As a species, red squirrels are smaller than grey squirrels. I’m not an expert on this and I can’t find any research about whether greys are in actuality getting smaller over time, but if you’re observing it, part of it might be that they are experiencing competition for food (overpopulation does that) or that they are somewhat the victims of selection, whereby the mature large squirrels are being killed and their genes removed from a population while the littler ones (which are harder to kill) are left alive to reproduce.
This year, they’ve been practically nonexistent at all in East Nashville. I’ve assumed that they had decreased fertility this spring due to the preceding year of such extreme weather, and we’ll see a new infestation in the spring. But I didn’t lose a single tomato to them this year, and you know that about never happens.
As for the white squirrel issue, the town Kenton in the county next to Hooterville’s is known for its white squirrels as are a few other locations.
Here’s a link – http://www.roadsideamerica.com/set/squirrels.html
These folks are proud of their squirrels.

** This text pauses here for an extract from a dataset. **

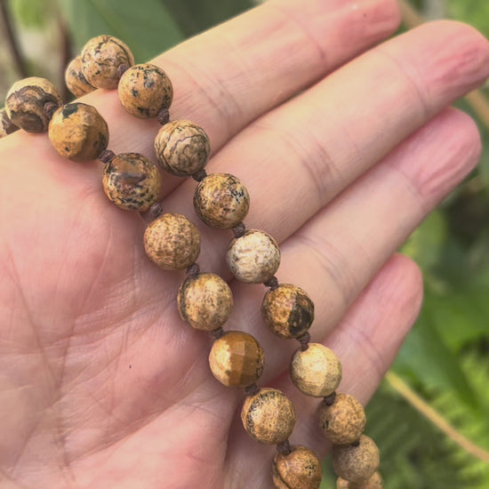 Natural stone necklace for men – spiritual men's necklace made of Landscape Jasper beads

But then again, who wouldn’t be?
Went away and thought about this some more — wonder if part of the greys getting smaller has to do with them being a reservoir host for parapoxvirus (Squirrel pox). It doesn’t kill them but I wonder if it has other effects beyond the ulceration.

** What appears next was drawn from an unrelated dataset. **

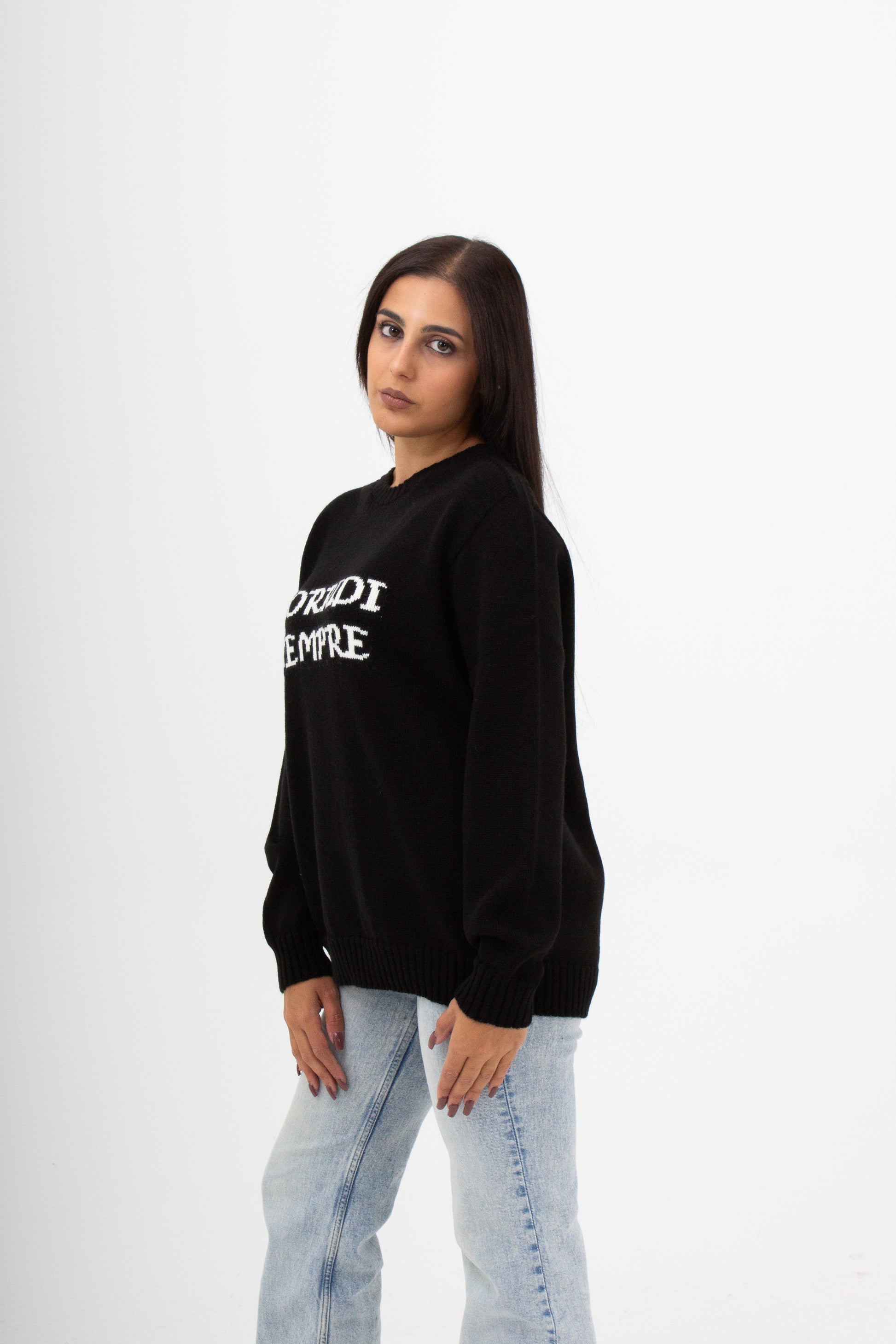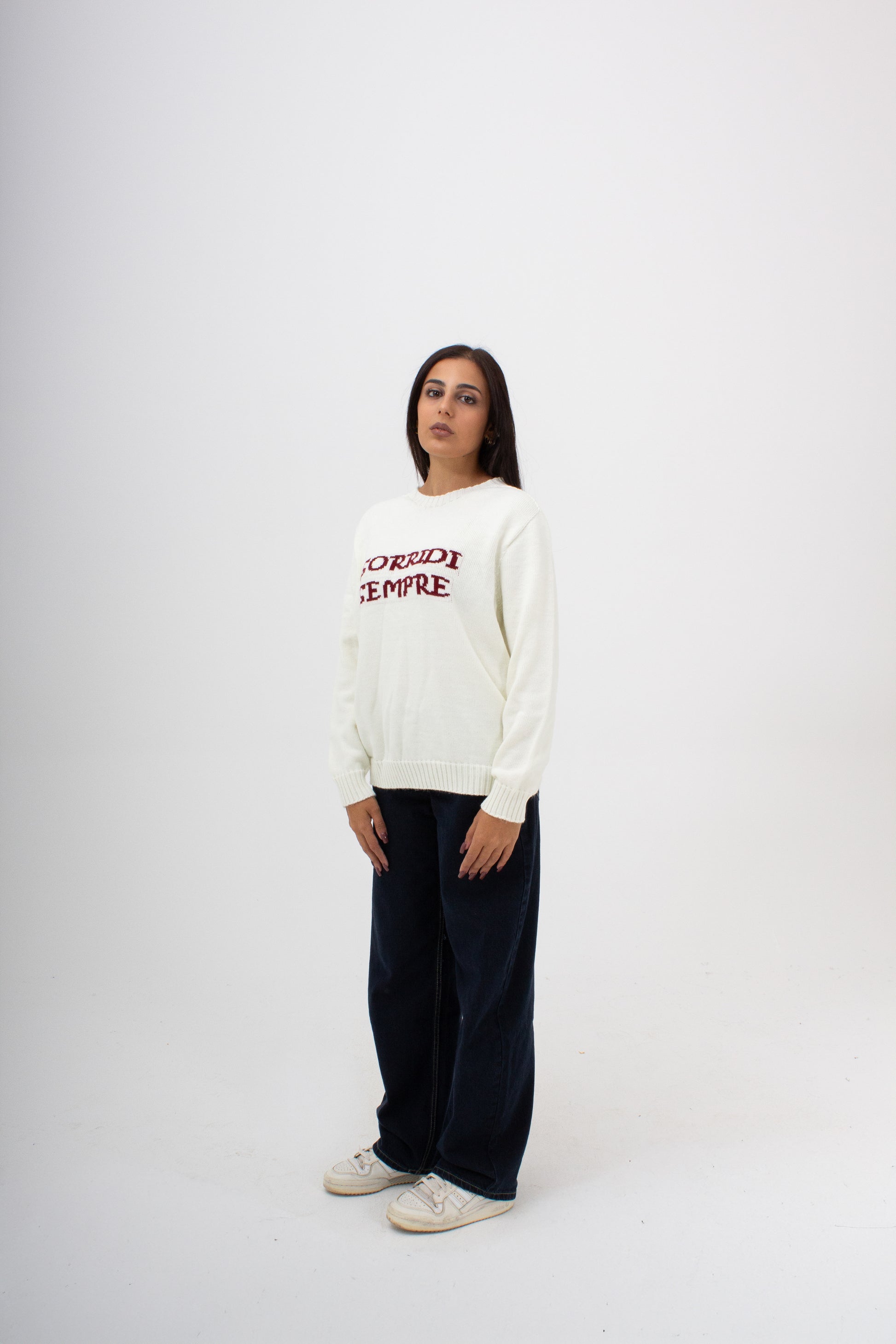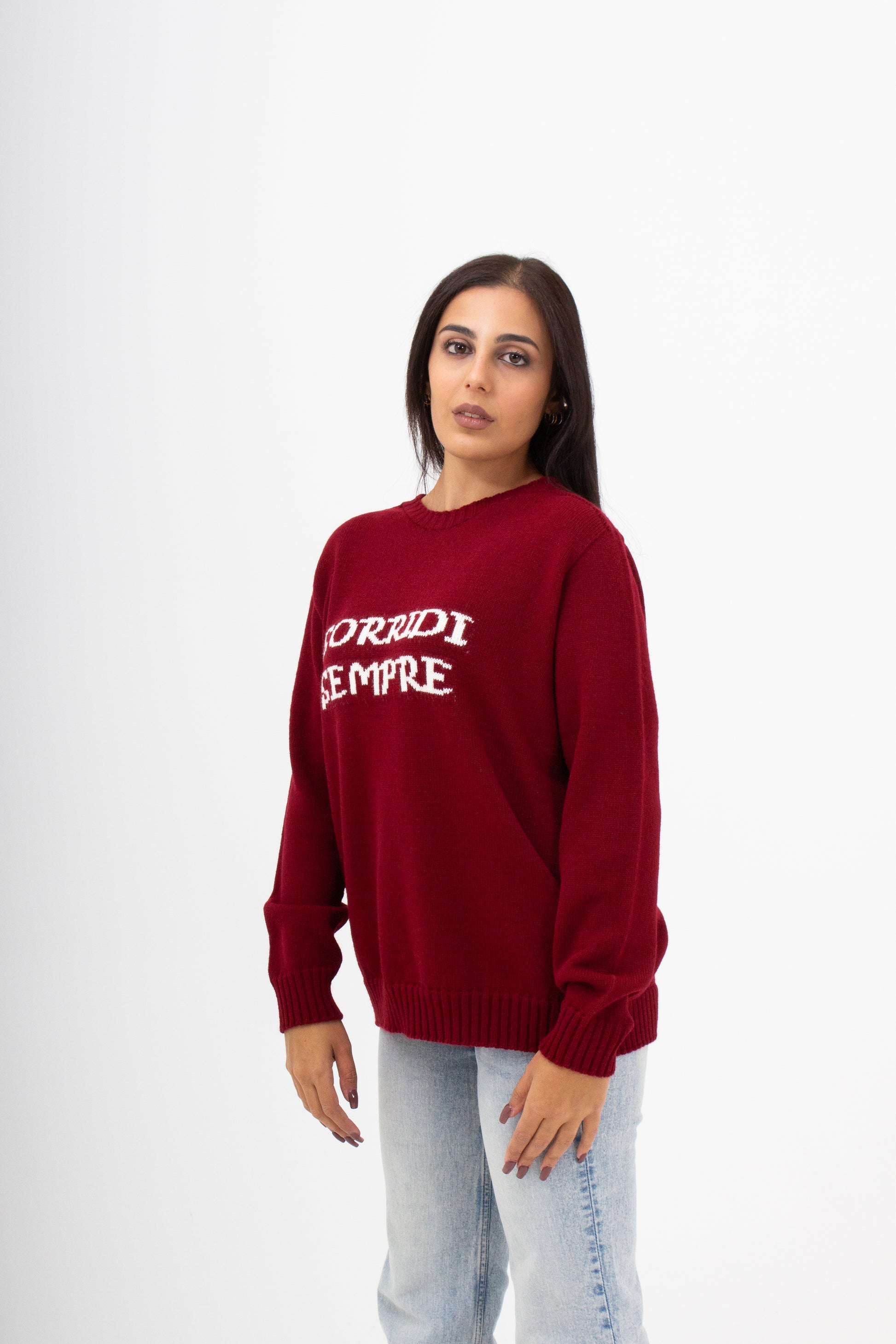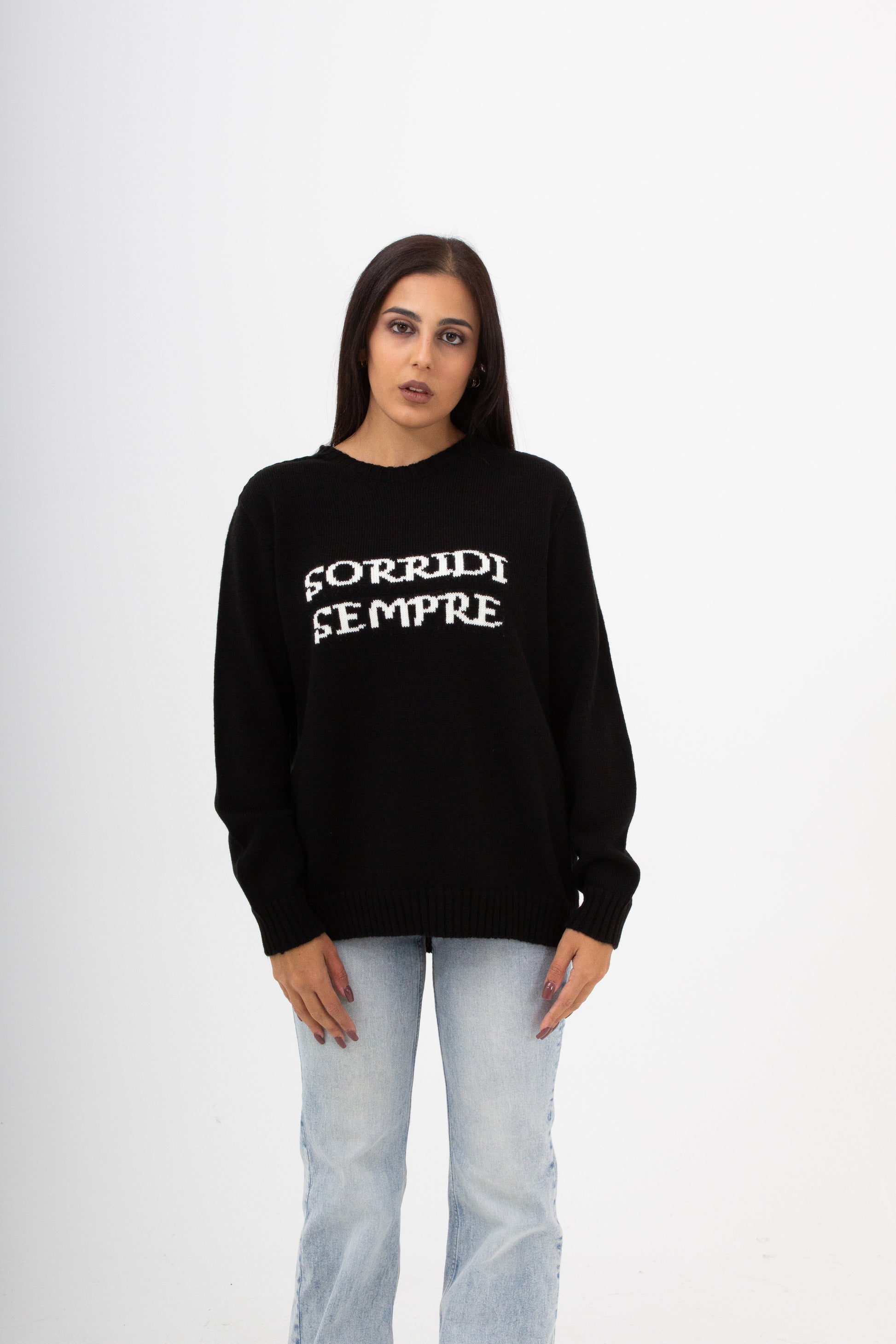 Maglieria made in italy 50% Lana 50% Acrilico , con scritta ad intarsio . Vestibilità comoda dalla XS ALLA 4XL.

Paging wildlife biologists…
We were told that about the Rock Island squirrels too, but I could never get a satisfactory answer on why there were people hauling squirrels from country to country. That was always one of the big mysteries of my childhood.
I also thought that was something just made up by my family, but apparently we weren’t the only people hearing that about Rock Island’s exotic squirrels.
People do dumb things like that. Like the guy who released a few dozen starlings in Central Park, because he wanted there to be every bird mentioned by Shakespeare there. Result: every starling in the US, descended from those 24, and dying off of native songbirds. Bastard.
bridgett – yep! :)
Oh oh oh! You mentioned Olney! My daddy used to live there (he’s now in TN). I don’t know about the other white squirrel havens, but in Olney, the little buggers are tame as cats (well, as tame as the Kitchen Cat), and beg as much as poorly-trained dogs. I nearly had one remove my hand while diving for a potato chip. Pushy little bastards! A cop who used to live there had a connundrum once: what does one do with the carcass of one of the fluffy white buggers when one’s dog has mistaken it for a cat. I believe he snuck down to the woods at the end of our street and buried it in the dead of night.
Ah! The summers of my childhood all come rushing back :)
Well, I live in KY, and I saw a black squirrell a couple of weeks ago, jut about ran out of the road, never saw one here before. We see albinos on occasion, but I’ve never seen a black one. I thought it was gorgous!